Di Indonesia wacana multikulturalisme dan hak minoritas ini belum banyak dikultivasi. Sampai beberapa tahun yang lalu, kata multikulturalisme lebih sering muncul sebagai buzzwords, kata yang ramai disebut tapi belum tentu benar-benar dipahami pengertiannya. Wacana multikulturalisme kembali diperbincangkan setelah terbit buku terjemahan karya Wil Kymlicka, Kewargaan Multikultural (2001). Sayangnya, kehadiran buku itu tidak diikuti oleh karya-karya lain untuk mengaitkan multikulturalisme dengan konteks Indonesia. Meskipun demikian, terdapat segelintir buku tentang multikulturalisme yang patut disebut, misalnya Multiculral Education and southeats Asia: Stepping into the unfamiliar (Depok: Jurnal Antropologi UI, 2004). Di luar itu memang masih ada beberapa publikasi lain, tapi secara keseluruhan dapat dikatakan bahwa wacana tentang multikulturalisme belum banyak dikultivasi di Indonesia.

Sejak tahun 2004 yang lalu, didukung oleh Yayasan Tifa, yayasan Interseksi telah melakukan beberapa penelitian untuk mengangkat isu-isu seputar multikulturalisme terutama dalam kaitannya dengan problem hak minoritas di Indonesia. Pada tahun 2005, Interseksi sudah menerbitkan buku Hak Minoritas Dilema Multikulturalisme di Indonesia (ed. Hikmat Budiman), yang mengungkap problem eksistensial yang dialami oleh beberapa komunitas lokal dalam menghadapi kuasa agama resmi yang berkelindan dengan tangan-tangan kekuasaan negara. Di luar dugaan, buku tersebut ternyata mendapat sambutan positif dari beberapa kalangan pembacanya, sehingga Interseksi memutuskan untuk menerbitkan cetakan tersebut tahun 2007 ini. Pada saat yang sama, Interseksi juga menerbitkan buku Hak Minoritas Multikulturalisme dan Dilema Negara Bangsa (ed. Mashudi Noorsalim, et all). Pada buku kedua ini, sedikit berbeda dengan buku pertama, pembahasan lebih diarahkan pada analisa tentang proses minoritisasi dan reformulasi identitas komunitas lokal, di samping analisa tentang kebijakan hukum atas komunitas minoritas di Indonesia.

Apa yang coba diungkap melalui dua buku tentang Hak Minoritas yang didiskusikan pada siang hari ini adalah penjelajahan pada proses minoritisasi atau marjinalisasi kelompok-kelompok minoritas yang diteliti, khususnya di bidang agama, sosial dan budaya.

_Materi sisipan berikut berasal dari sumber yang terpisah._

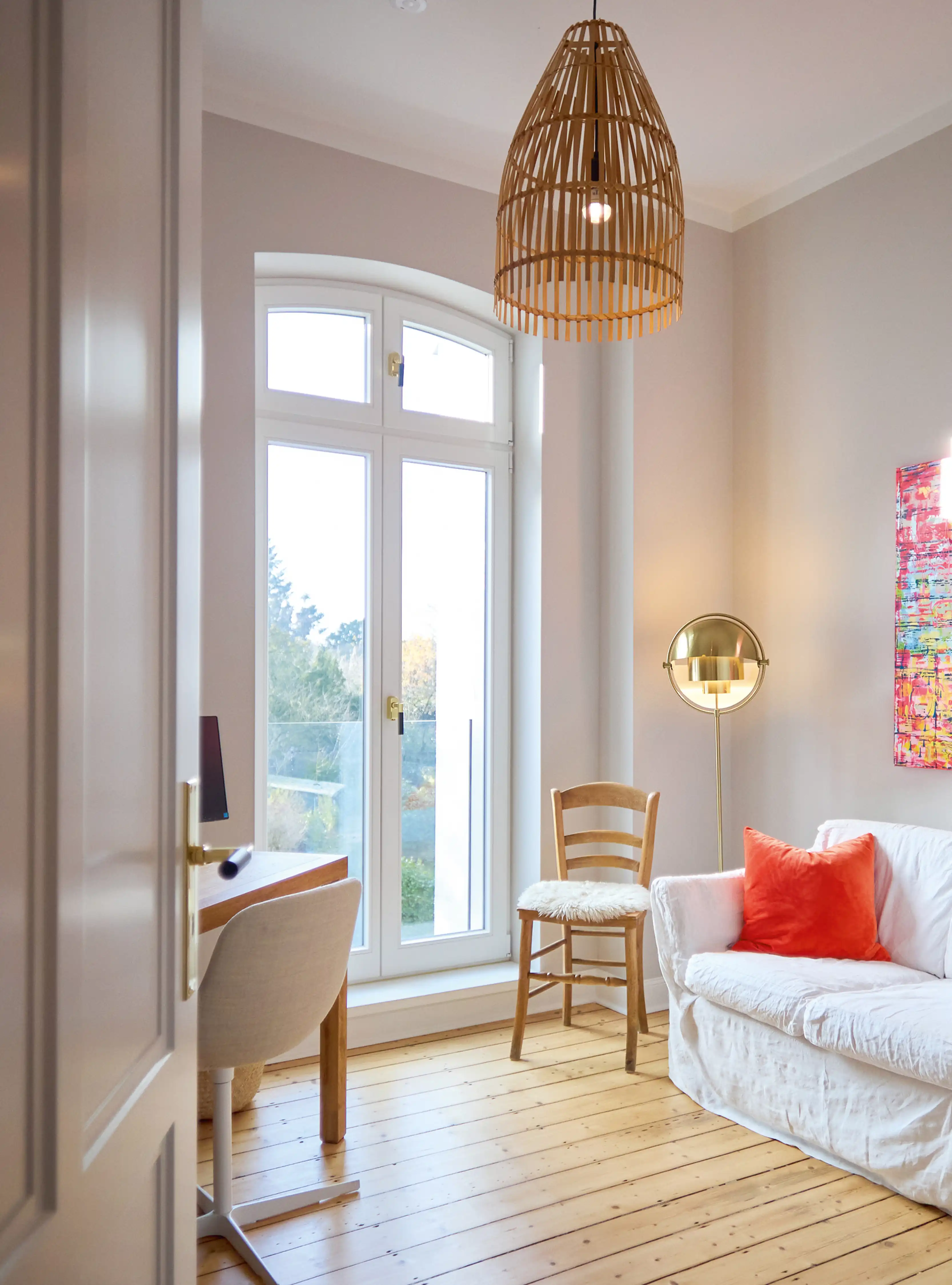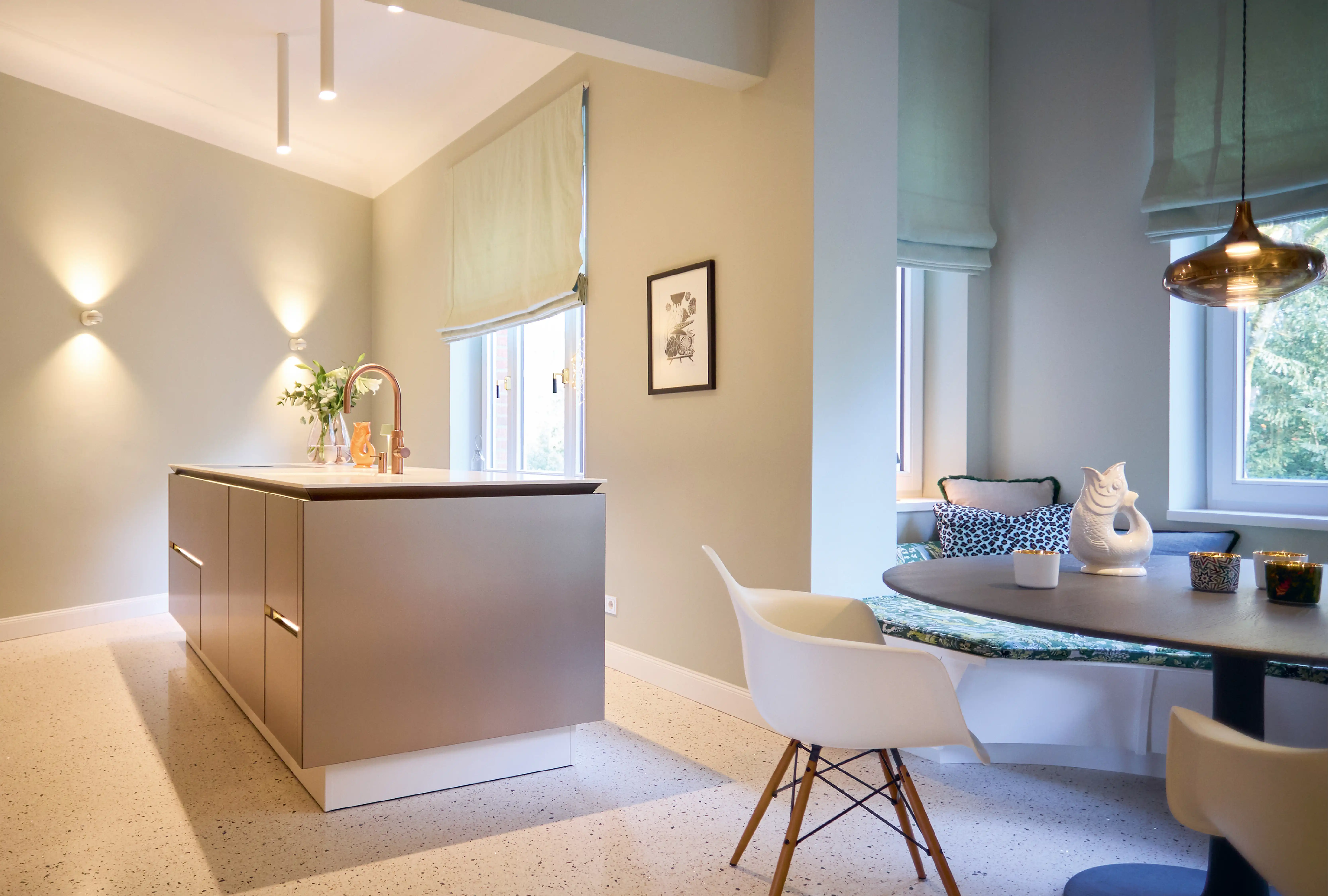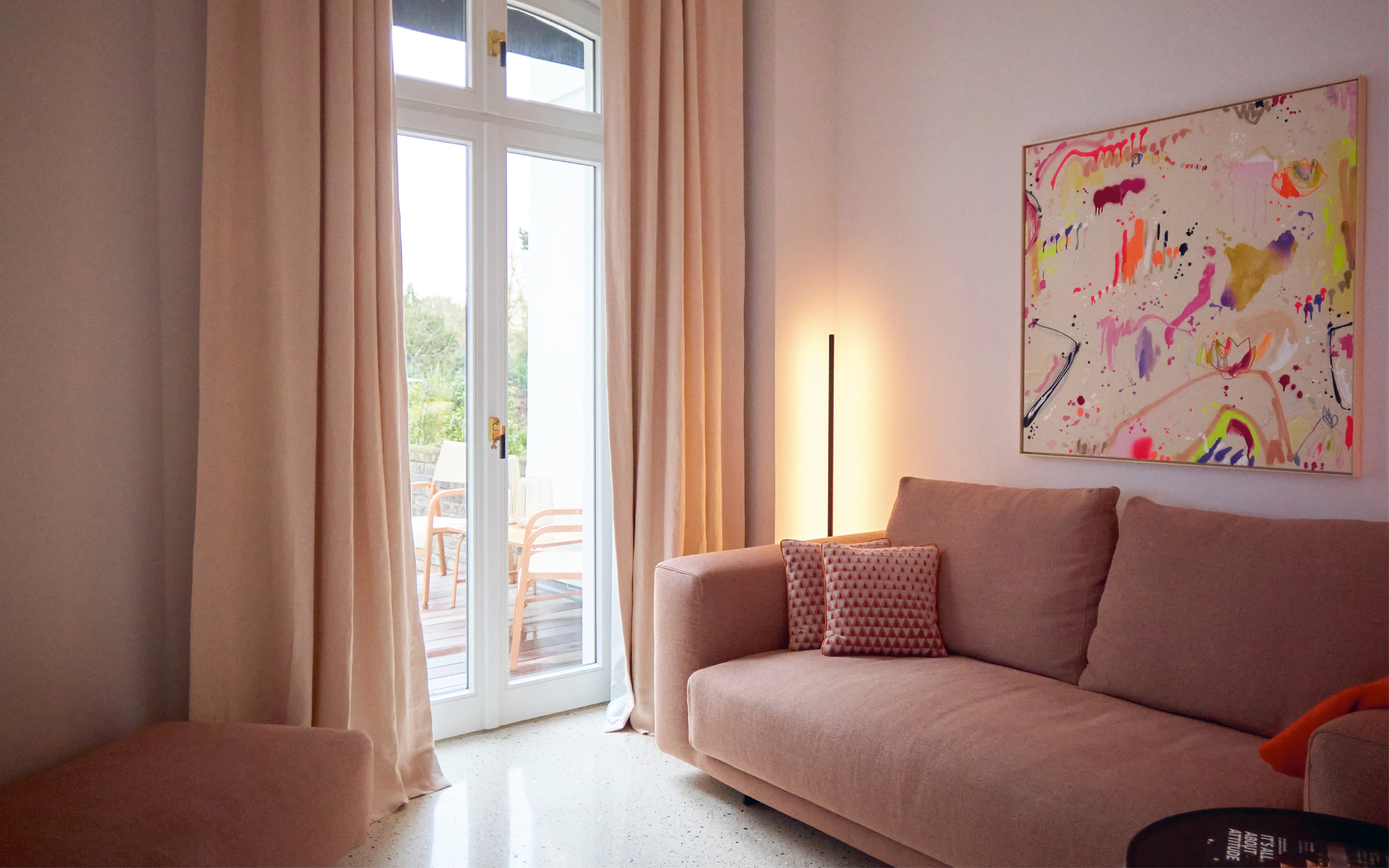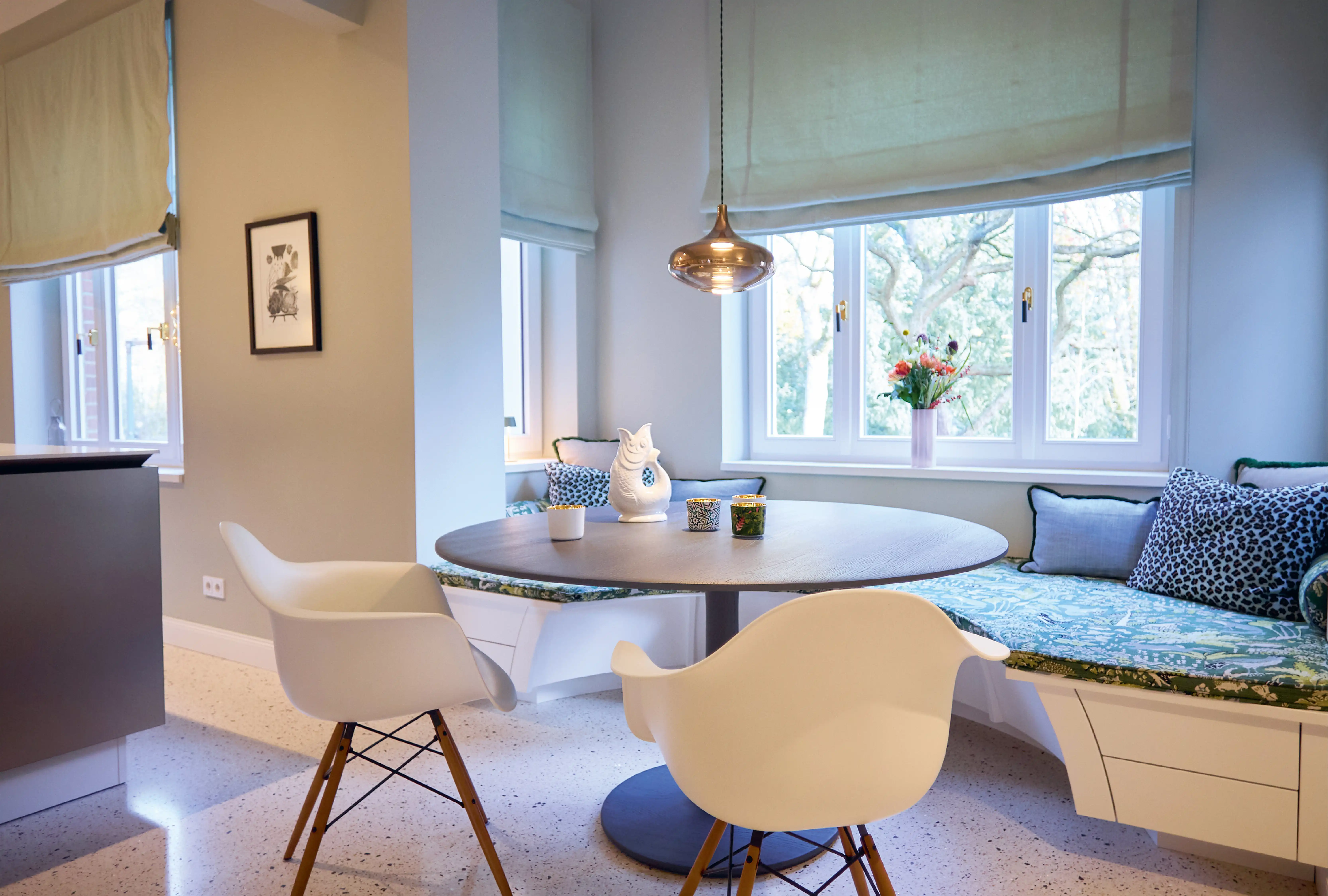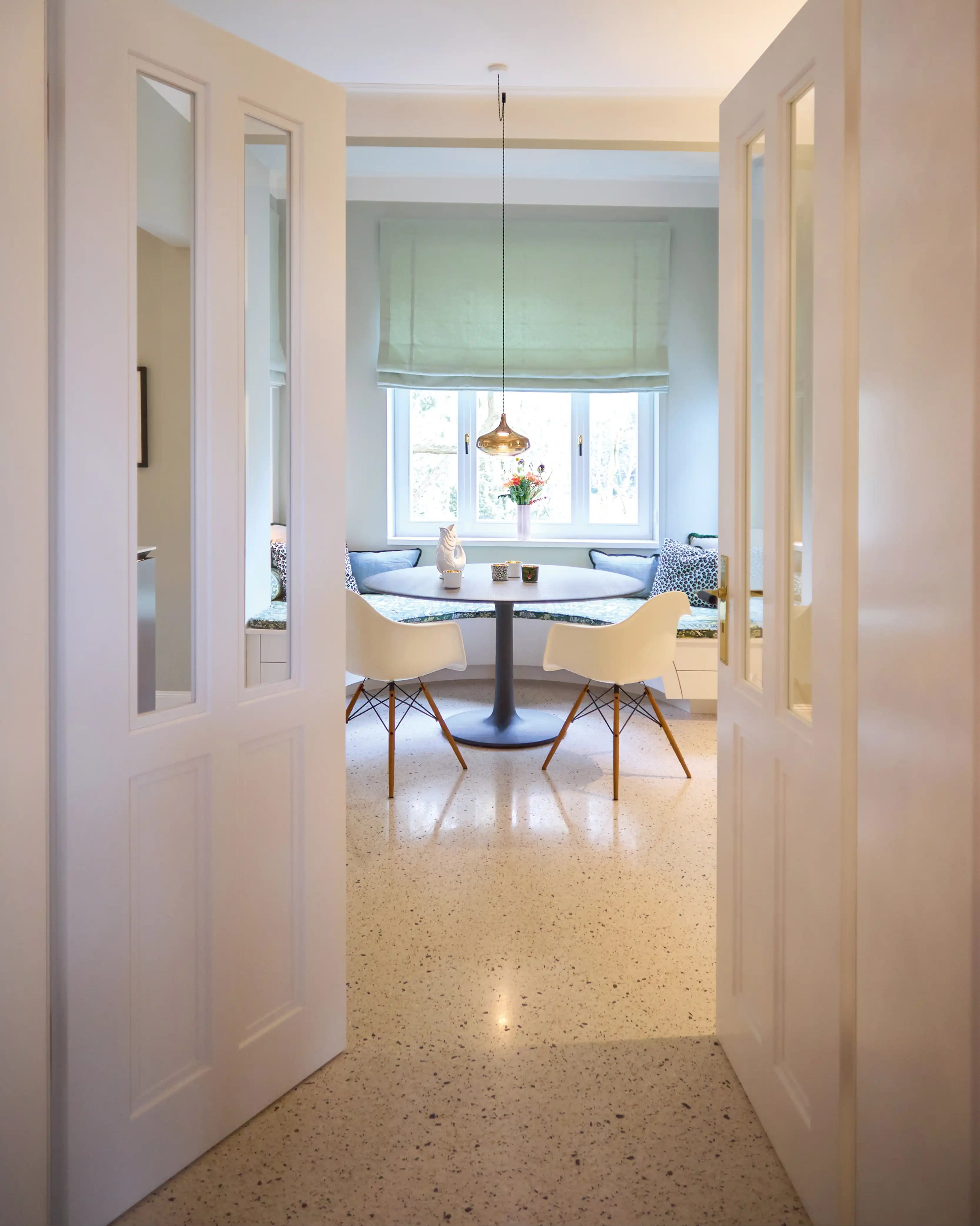 Die Anordnung der Räume innerhalb des Hauses wurde komplett überarbeitet. Aus der »guten Stube« wurde beispielsweise eine Wohnküche mit beliebtem Sitzplatz im Erker. Und die Küche verwandelte sich ins Wohnzimmer mit Gartenblick. Kunststofffenster wurden gegen neue denkmalgerechte Holzfenster getauscht. Die seitlichen Erker mussten komplett ersetzt werden. Auch beim Innenausbau wurde nicht gespart. Neben der Erneuerung der Betondecken, neuen Farben und Materialien kamen Einbaumöbel, Klassiker sowie neue Möbel zum Einsatz. Besonders über die schönen Türen aus Hamburg freut sich die Bauherrin, die dort einige Jahre gelebt hat, sehr. Sie stellen einen persönlichen Bezug her und runden das gelungene Zusammenspiel von alt und neu für ein perfektes Wohngefühl ab.
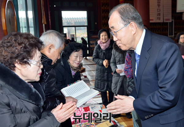반기문 전 유엔 사무총장이 20일 오전 서울 종로구 조계사 대웅전에서 예불을 마치고 신도들가 인사를 나누고 있다.
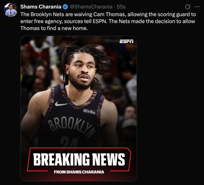 北京时间2月6日,据名记Shams报道,篮网将球队后卫托马斯裁掉,篮网此番是为了托马斯可以在自由市场里寻找更好的下家,他将成为买断市场的头号热门人选。
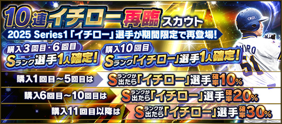 10月8日より、「[伝説の始まり]イチロー」が新たに出現し、ステップ4回目で「SR」以上の「[伝説の始まり]イチロー」が確定で出現するループガチャ「[伝説の始まり]イチロー デビュー」など球界のレジェンド選手イチローさんとのコラボレーションを開始しているほか、先週から開催中の松井秀喜さんが登場するレジェンドコラボ第2弾も引き続き行われている。
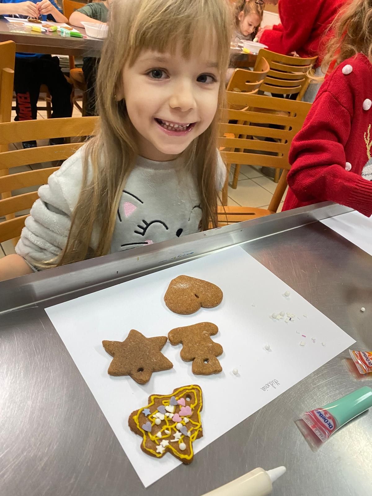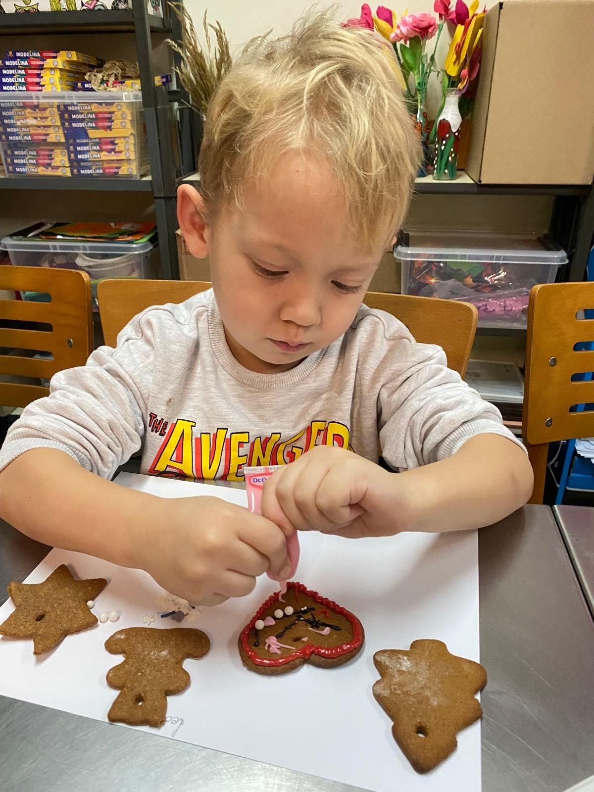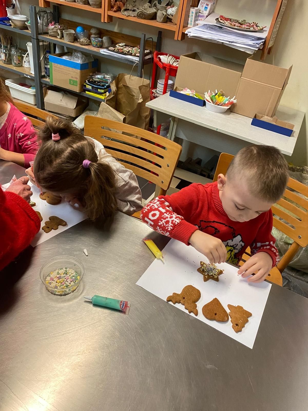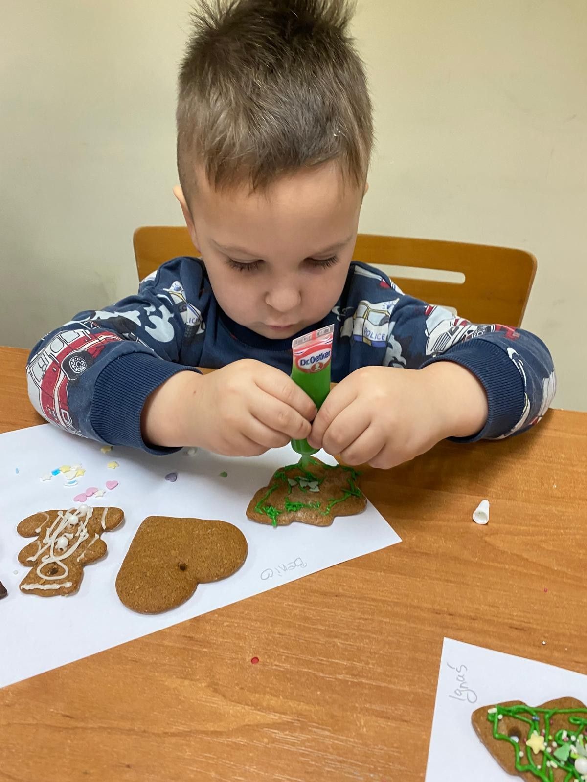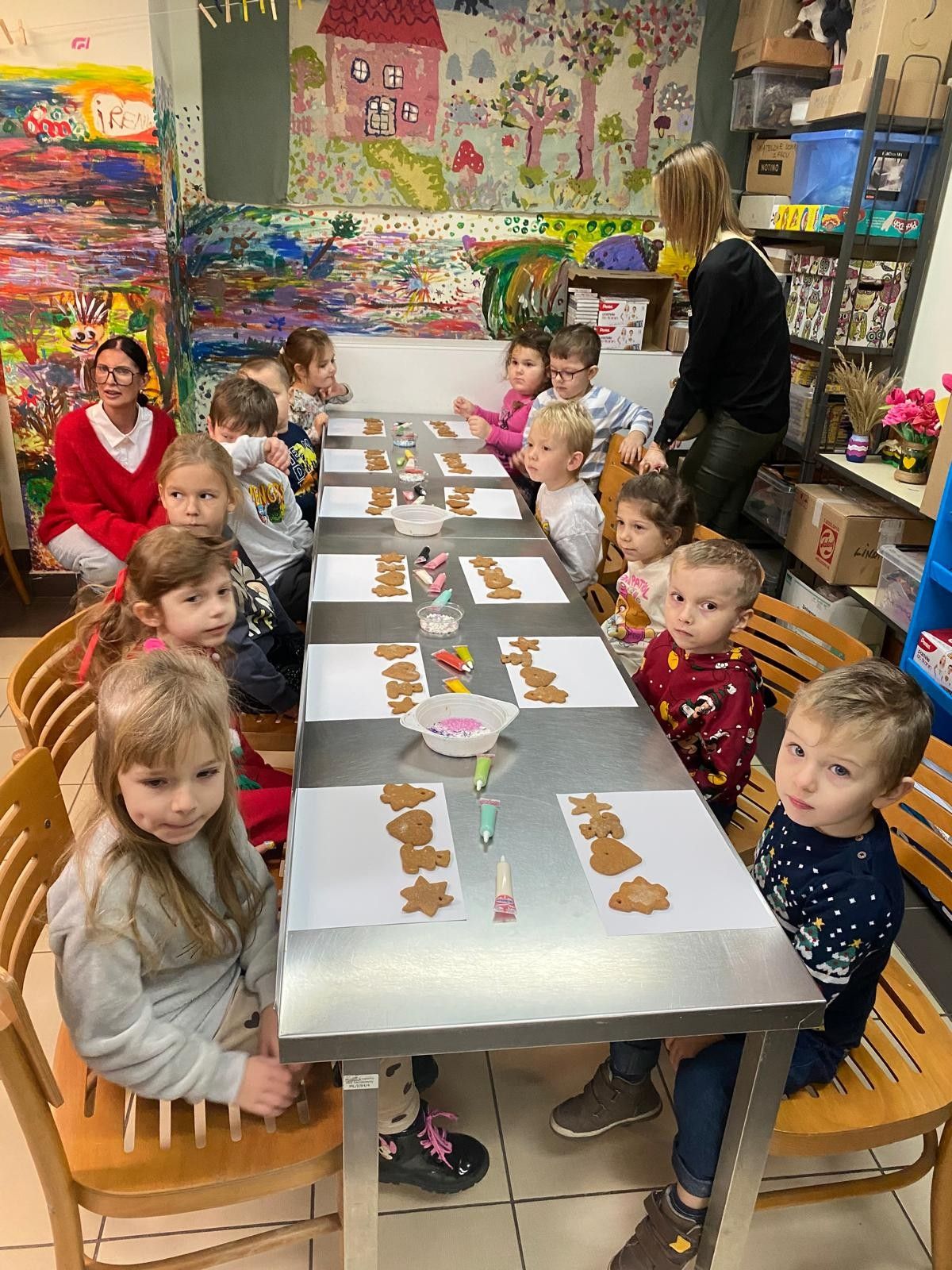 W dniu 16 grudnia dzieci z oddziałów przedszkolnych uczestniczyły w warsztatach zdobienia pierniczków bożonarodzeniowych.

Secara sederhana, konsep minoritisasi (minoritization) yang operasional di sini mengandung arti terjadinya proses-proses atau ”proyek” yang membuat kelompok-kelompok minoritas yang diteliti menjadi semakin terpinggirkan atau semakin terkucilkan sebagai suatu entitas kelompok yang disebut minoritas, dan juga berlangsungnya proses pembentukan, reformulasi dan negosiasi secara sinambung batasan tentang identitas, etnik dan sebagainya. Dua buku yang ada ini memang belum dapat menjelaskan secara menyeluruh masalah-masalah menyangkut hak-hak minoritas di berbagai komunitas lokal di Indonesia. Di samping karena masih banyak komunitas lokal yang belum diteliti, keterbatasan dana juga menjadi sebuah kendala besar bagi Interseksi untuk bisa melakukan riset pada konteks komunitas-komunitas lokal lain. Namun demikian, melalui rangkaian seri penelitian dan publikasi tentang hak minoritas ini, yayasan Interseksi mencoba mengajak banyak pihak untuk menghadapi gagasan multikulturalisme secara lebih kritis, dan menjadikan hak minoritas sebagai masalah bersama yang harus dipikirkan jalan keluarnya. Kami berharap beberapa gagasan dalam buku ini dapat dijadikan acuan untuk pembuatan kebijakan yang lebih adil bagi komunitas lokal, dan dapat memberi kontribusi pada pengembangan wacana tentang multikulturalisme yang lebih kritis di Indonesia. Kami juga berharap akan semakin banyak karya-karya sejenis yang lebih berkualitas.

Terima kasih telah datang, dan selamat berdiskusi!